The data
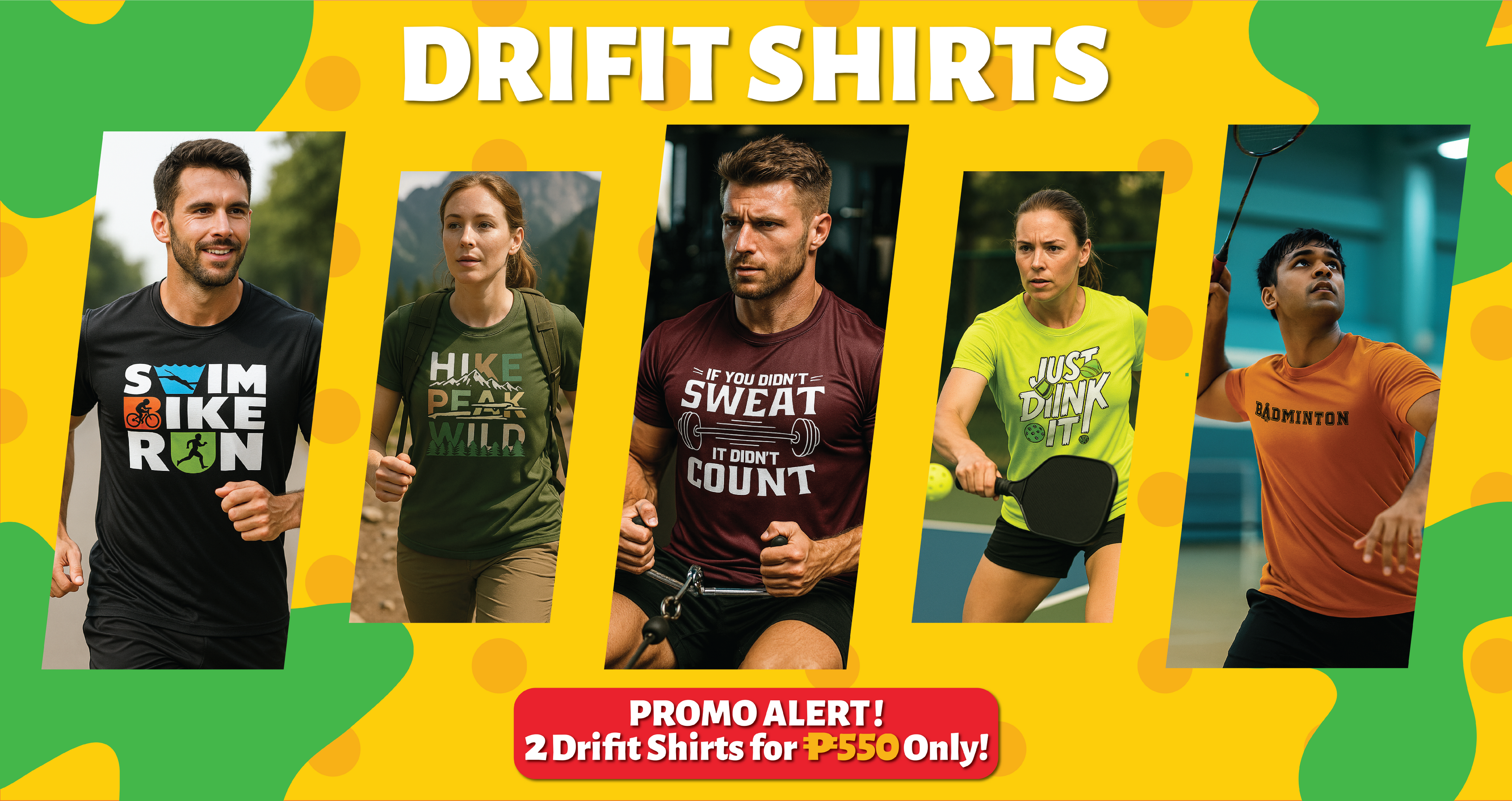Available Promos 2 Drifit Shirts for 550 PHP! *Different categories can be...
--
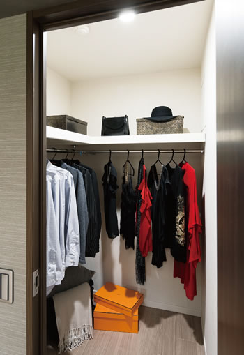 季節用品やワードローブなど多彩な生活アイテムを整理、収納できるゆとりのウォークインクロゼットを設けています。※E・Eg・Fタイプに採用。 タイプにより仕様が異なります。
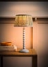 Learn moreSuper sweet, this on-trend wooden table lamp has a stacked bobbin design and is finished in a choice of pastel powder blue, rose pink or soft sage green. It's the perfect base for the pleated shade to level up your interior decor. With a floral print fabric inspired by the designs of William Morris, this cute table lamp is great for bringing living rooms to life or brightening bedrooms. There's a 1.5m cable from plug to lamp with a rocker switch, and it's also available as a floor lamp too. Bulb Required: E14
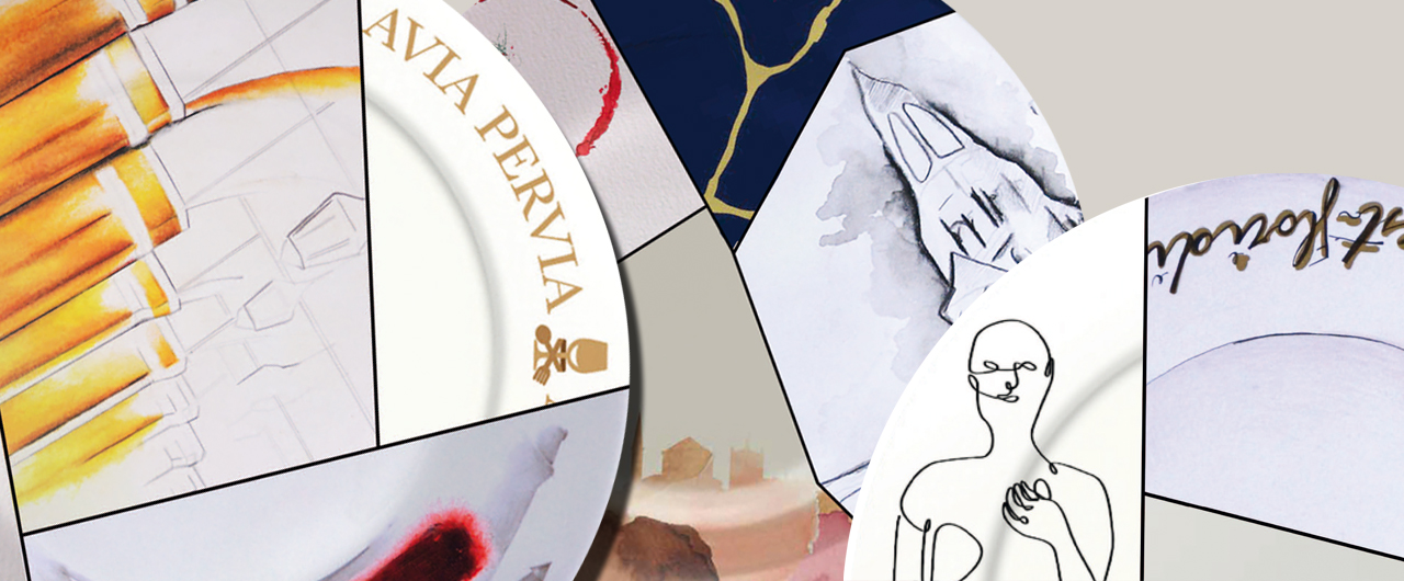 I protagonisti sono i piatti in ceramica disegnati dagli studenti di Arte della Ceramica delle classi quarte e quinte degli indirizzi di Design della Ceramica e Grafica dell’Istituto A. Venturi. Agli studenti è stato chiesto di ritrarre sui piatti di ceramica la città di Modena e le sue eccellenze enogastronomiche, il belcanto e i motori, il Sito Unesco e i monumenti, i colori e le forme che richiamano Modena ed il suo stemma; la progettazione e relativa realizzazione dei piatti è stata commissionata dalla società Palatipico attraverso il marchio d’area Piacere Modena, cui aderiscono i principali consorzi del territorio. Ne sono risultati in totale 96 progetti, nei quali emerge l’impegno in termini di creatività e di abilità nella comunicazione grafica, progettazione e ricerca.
* * *
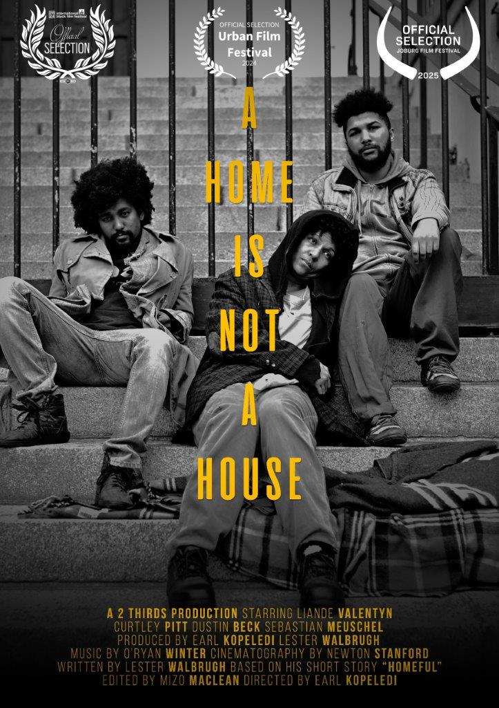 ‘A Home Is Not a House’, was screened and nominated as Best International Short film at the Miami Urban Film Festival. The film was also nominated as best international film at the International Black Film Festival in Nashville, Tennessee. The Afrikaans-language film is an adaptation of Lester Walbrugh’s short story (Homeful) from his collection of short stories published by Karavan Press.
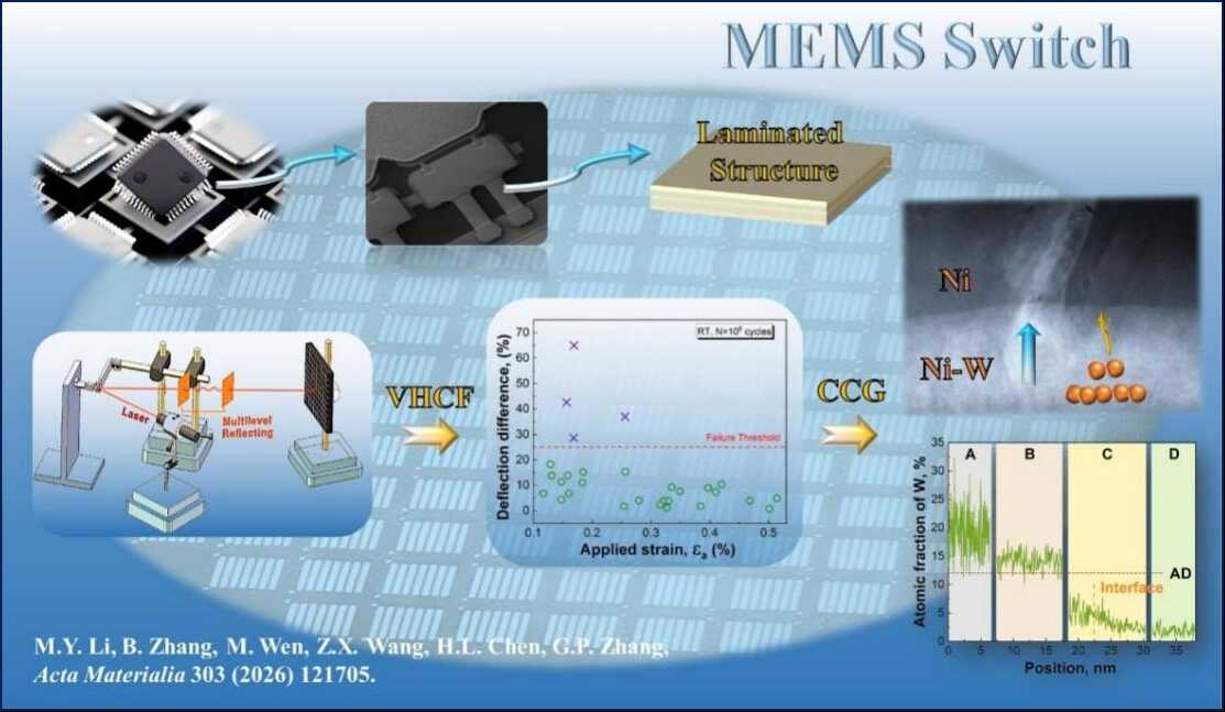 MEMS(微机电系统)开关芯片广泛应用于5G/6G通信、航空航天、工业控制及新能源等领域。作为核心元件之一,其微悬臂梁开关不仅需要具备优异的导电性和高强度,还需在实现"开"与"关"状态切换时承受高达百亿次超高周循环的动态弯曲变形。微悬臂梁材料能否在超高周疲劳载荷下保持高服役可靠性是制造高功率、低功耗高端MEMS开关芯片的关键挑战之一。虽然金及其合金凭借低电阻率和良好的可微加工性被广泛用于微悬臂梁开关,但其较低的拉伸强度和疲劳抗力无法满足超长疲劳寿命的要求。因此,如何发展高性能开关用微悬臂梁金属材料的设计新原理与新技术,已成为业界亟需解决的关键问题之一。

Work instructions
In the listing above, find the line containing "季節用品やワードローブなど多" and the line containing "Learn moreSuper sweet, this". Print those two lines and every line between them exactly, with no pictures.

Answer for this exercise
 季節用品やワードローブなど多彩な生活アイテムを整理、収納できるゆとりのウォークインクロゼットを設けています。※E・Eg・Fタイプに採用。 タイプにより仕様が異なります。
 Learn moreSuper sweet, this on-trend wooden table lamp has a stacked bobbin design and is finished in a choice of pastel powder blue, rose pink or soft sage green. It's the perfect base for the pleated shade to level up your interior decor. With a floral print fabric inspired by the designs of William Morris, this cute table lamp is great for bringing living rooms to life or brightening bedrooms. There's a 1.5m cable from plug to lamp with a rocker switch, and it's also available as a floor lamp too. Bulb Required: E14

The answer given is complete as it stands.